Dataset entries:

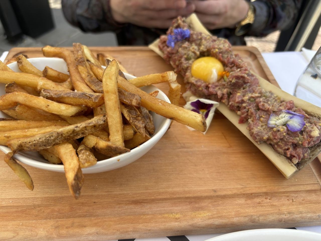 ちなみに彼が注文したビーフタルタルですが、びっくりポイントは本物のビーフボーンに詰められていること!!!!!周りにいたほかのお客さんも「それは何?何を注文したの?」と聞いてくるほど(笑)
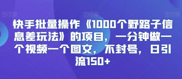 快手批量操作《1000个野路子信息差玩法》的项目,一分钟做一个视频一个图文,不封号,日引流150+【揭秘】
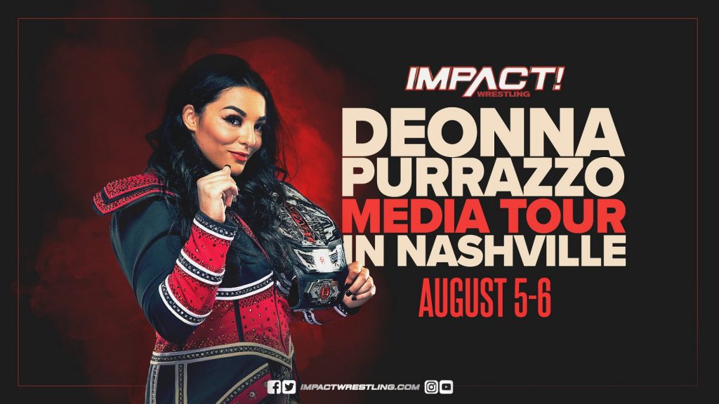Deonna Purrazzo, the reigning and defending Knockouts Champion of IMPACT Wrestling, will be in Nashville on Thursday & Friday, August 5-6, to speak with the local media and more in advance of the mid-August IMPACT Wrestling shows in Nashville.
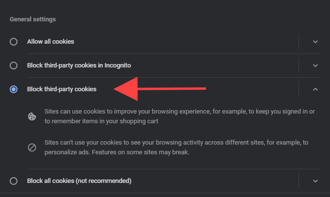 To do that, open the **Chrome **menu and select Settings. Then, select **Privacy and Security **on the sidebar and pick the option labeled Cookies and other site data. On the screen that follows, select Block third-party cookies.
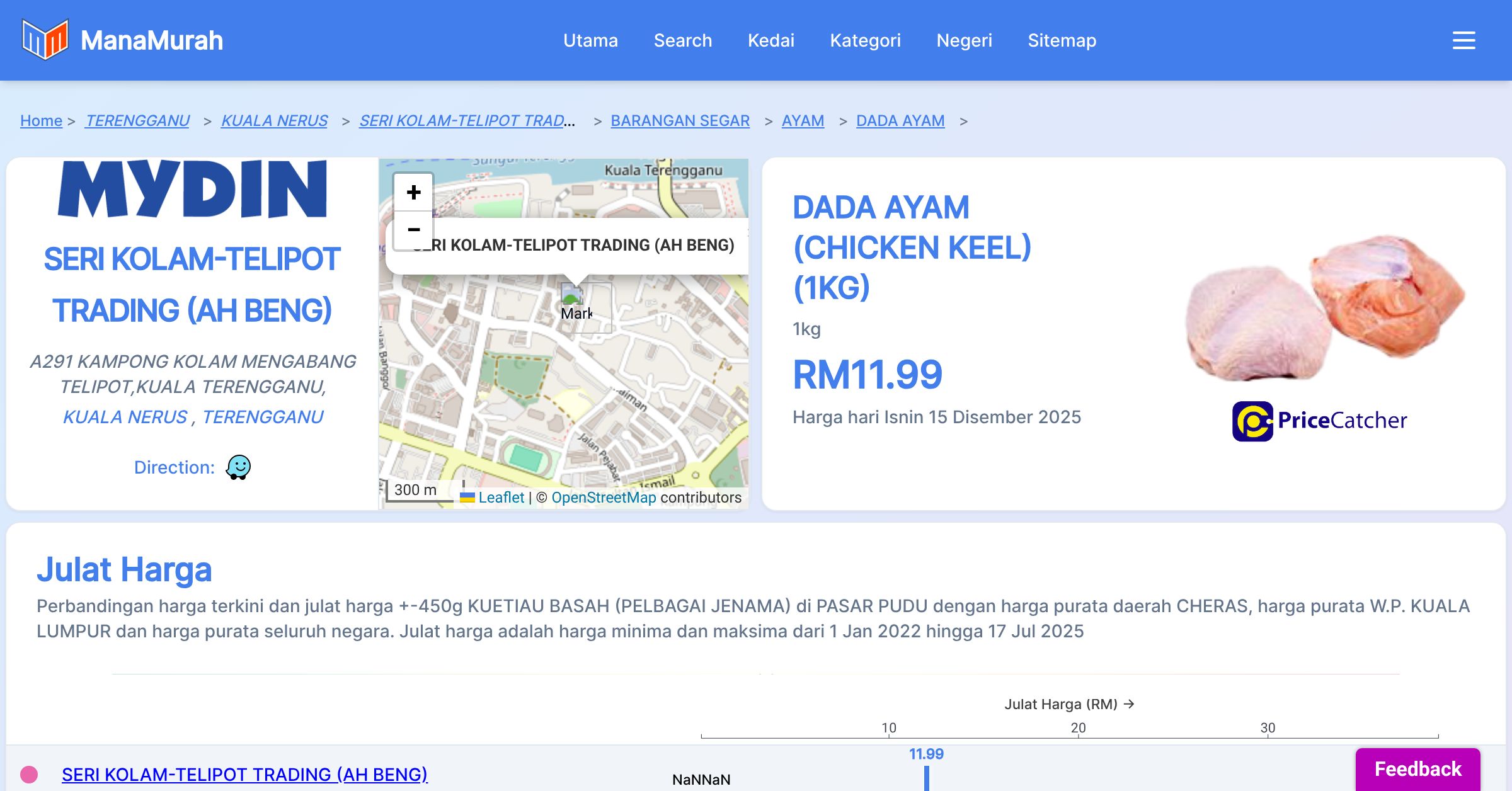 Tiada maklumat harga DADA AYAM (CHICKEN KEEL) (1KG) di Daerah KUALA NERUS pada minggu ke-51 tahun 2025 dari 15 hingga 21 Disember
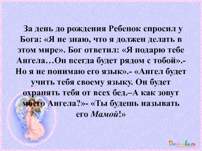 знаю, что я должен делать в этом мире». Бог ответил: «Я подарю тебе Ангела…Он всегда будет рядом с тобой».- Но я не понимаю его язык».- «Ангел будет учить тебя своему языку. Он будет охранять тебя от всех бед.–А как зовут моего Ангела?»- «Ты будешь называть его Мамой!»
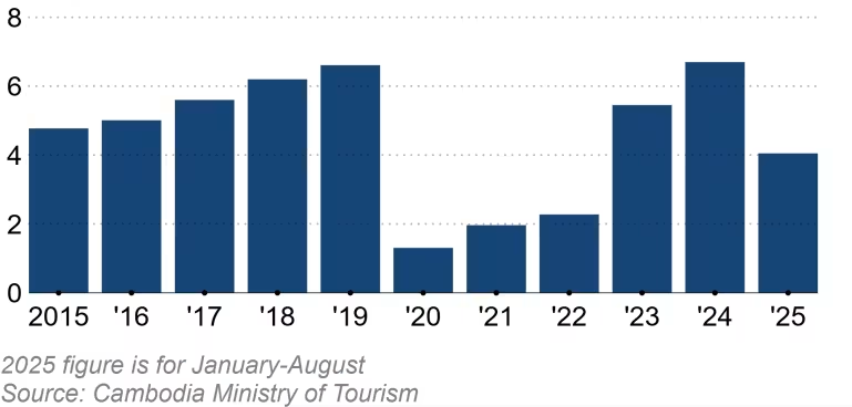 Vương quốc Đông Nam Á này đã đón 6.7 triệu du khách nước ngoài vào năm ngoái, tăng đáng kể so với 4.7 triệu vào năm 2015, và đặt kỳ vọng chào đón 7.5 triệu lượt khách trong năm nay. Thế nhưng, thực tế lại hoàn toàn trái ngược. Trong 8 tháng đầu năm 2025, lượng du khách quốc tế chỉ đạt 4.05 triệu, giảm 5.6% so với cùng kỳ năm trước. Đặc biệt, lượng khách đến trong tháng 8 – ngay sau các cuộc xung đột với Thái Lan – đã sụt giảm mạnh 38.4% so với cùng kỳ năm trước.

■ Problem details
From the first line to the last, set down the records above exactly and skip the pictures.

■ Solution
 ちなみに彼が注文したビーフタルタルですが、びっくりポイントは本物のビーフボーンに詰められていること!!!!!周りにいたほかのお客さんも「それは何?何を注文したの?」と聞いてくるほど(笑)
 快手批量操作《1000个野路子信息差玩法》的项目,一分钟做一个视频一个图文,不封号,日引流150+【揭秘】
Deonna Purrazzo, the reigning and defending Knockouts Champion of IMPACT Wrestling, will be in Nashville on Thursday & Friday, August 5-6, to speak with the local media and more in advance of the mid-August IMPACT Wrestling shows in Nashville.
 To do that, open the **Chrome **menu and select Settings. Then, select **Privacy and Security **on the sidebar and pick the option labeled Cookies and other site data. On the screen that follows, select Block third-party cookies.
 Tiada maklumat harga DADA AYAM (CHICKEN KEEL) (1KG) di Daerah KUALA NERUS pada minggu ke-51 tahun 2025 dari 15 hingga 21 Disember
 знаю, что я должен делать в этом мире». Бог ответил: «Я подарю тебе Ангела…Он всегда будет рядом с тобой».- Но я не понимаю его язык».- «Ангел будет учить тебя своему языку. Он будет охранять тебя от всех бед.–А как зовут моего Ангела?»- «Ты будешь называть его Мамой!»
 Vương quốc Đông Nam Á này đã đón 6.7 triệu du khách nước ngoài vào năm ngoái, tăng đáng kể so với 4.7 triệu vào năm 2015, và đặt kỳ vọng chào đón 7.5 triệu lượt khách trong năm nay. Thế nhưng, thực tế lại hoàn toàn trái ngược. Trong 8 tháng đầu năm 2025, lượng du khách quốc tế chỉ đạt 4.05 triệu, giảm 5.6% so với cùng kỳ năm trước. Đặc biệt, lượng khách đến trong tháng 8 – ngay sau các cuộc xung đột với Thái Lan – đã sụt giảm mạnh 38.4% so với cùng kỳ năm trước.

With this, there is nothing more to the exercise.